Good looking pup and the 9y/o isn't a bad looking bunny-buster either.


----------



## Gobblerman (Dec 19, 2004)

Great little Puppy! Go Benny!!!!!!!!!!!!!! I had to pleasure to watch him run bunnies and shoot a few of them as well.


----------



## Wolf_Dancer34 (Nov 14, 2006)

We shot 6 bunnies today and when I got home I brought the new puppy out to check out the rabbits. I tied one of them on a rope and dragged it around for him---he went crazy trying to reach that big ole bunny that was triple the size of him. LOL I have my fingers crossed that he is going to turn out well..only time will tell but I think I found another good one.

Gobblerman we need to get together again and run Benny and your girl. We lost the place I took you hunting in the blizzard LOL but have a few other places in mind unless you can come up with something and I PROMISE I wont make you hunt when it is 50 below zero again....hee hee.


----------



## Gobblerman (Dec 19, 2004)

Wolf_Dancer34 said:


> Gobblerman we need to get together again and run Benny and your girl. We lost the place I took you hunting in the blizzard LOL but have a few other places in mind unless you can come up with something and I PROMISE I wont make you hunt when it is 50 below zero again....hee hee.


 
That was a cold hunt. Let's plan a hunt this year, I'll watch Benny run circles around my beagle. I'm still trying to find some good honey holes for this year. Thought I had a great spot, however the land owner said no. I'll be knocking on a few more doors this week and following up with a couple of other leads. 

Sounds like the new puppy is doing well.


----------



## 1wildchild (Apr 14, 2003)

Awesome puppy!
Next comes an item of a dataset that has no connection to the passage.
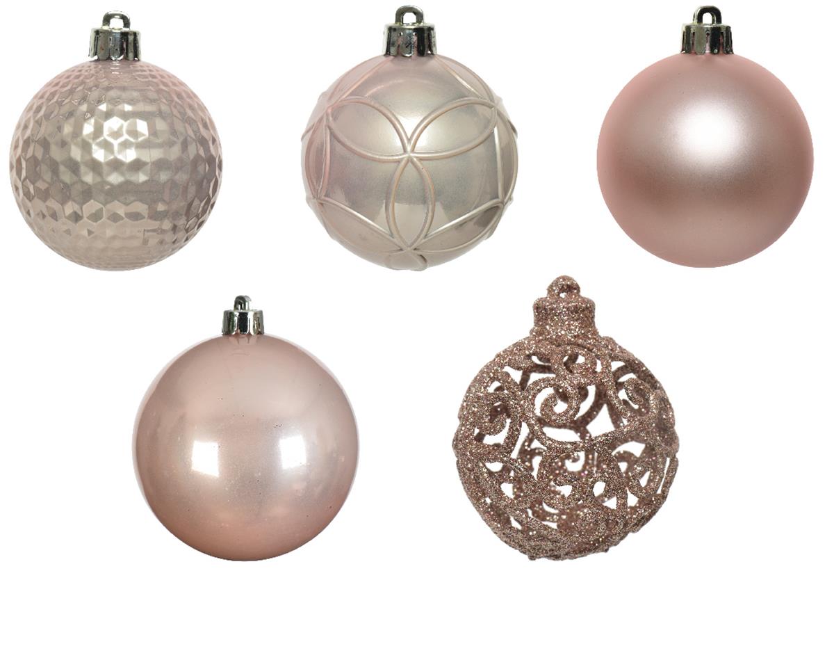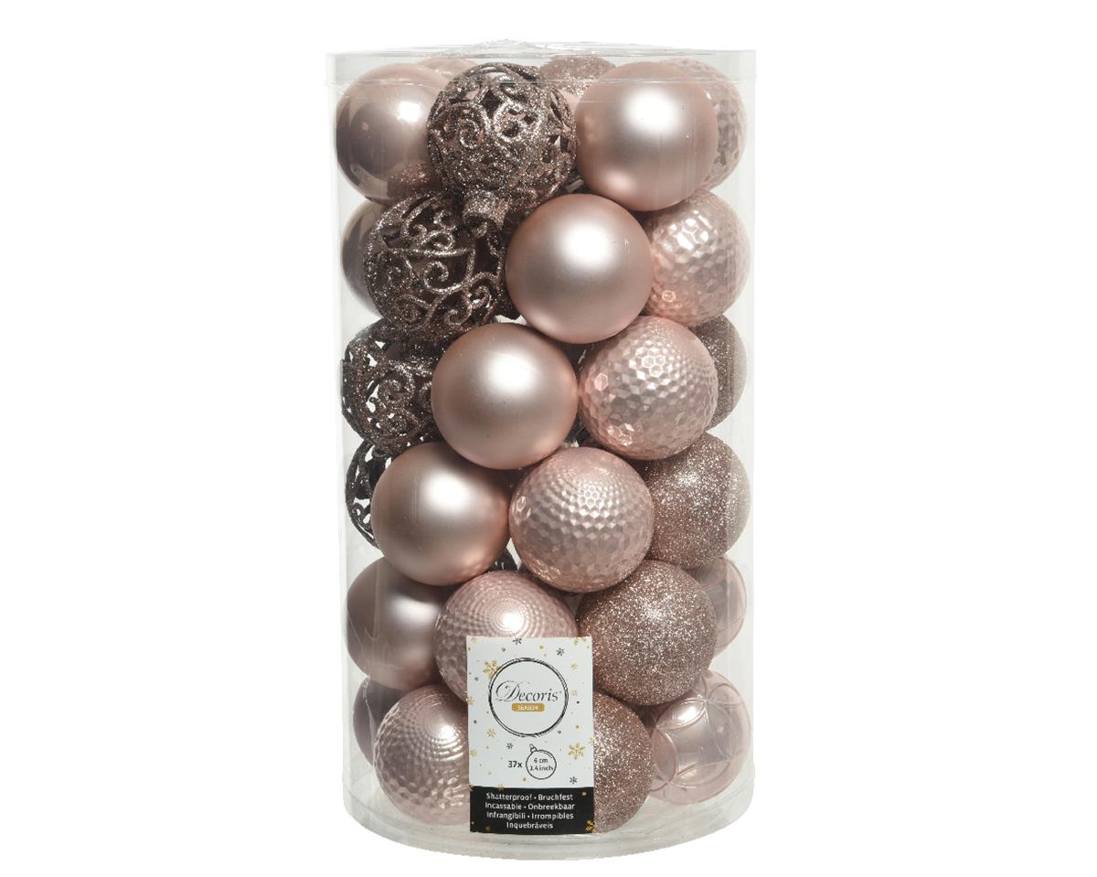 Kerstballen kunststof mix koker 37 stuks - Ø6cm - matt shiny glitter mix poeder roze

Have a blast with him. I like the name . We should get together for a hunt soon!


----------



## Wolf_Dancer34 (Nov 14, 2006)

*Wild* we do need to get together and hunt. I will bring the dog(s). LOL 

Just an update on Brairs progress. We took him out on his first official hunt on Sunday and could not be happier. At first he was a little afraid of my older dogs bark but got over that in a hurry. Kept trying to run after him and follow him but is just a little to small yet. When we were not looking Briar would go back down the trail that Benny had been down trying to catch up with him. 

We took Briar to a set of pines which holds rabbits and let him play. Well the next thing we knew he went on his own into the pines and came out at the end row. Next we took him to a brush pile with Benny and he followed Benny right in the brush pile no questions asked. I could not stop smiling at the little pup. He had no idea what he was doing but he was doing it. After Benny pushed out a rabbit he left the pile and the pup stayed behind and did eventually push another rabbit out. We grabbed the pup and put him on the track. He is still a little young but the interest is there. 

Crazy as it sounds I have been teaching the pup to retrieve bunnies. Yes you can laugh!! We shot two rabbits and put the pup on the trail near where we had shot the bunny and let him find the rabbits. I called to him to bring them to me and the little bugger dragged with all his might to bring those bunnies to me. I sure wish that I had a camera with me for proof. 

In the house I have been working on loud sounds and at first he would shy away but now he goes right up to whatever it is I have dropped. So wasn't surprised when we shot near him during the hunt and he could have cared less. The little pup stayed on the ground for nearly 4 1/2 hours before he decided he was ready to call it quits. I ended up dragging him around in my coat for the rest of the hunt.

I know we could have shot more bunnies that day but the fun I had watching that little pup have a million first experiences was so worth it. When i go to Walmart next I will get the film developed and post pictures of previous hunts with both dogs.


----------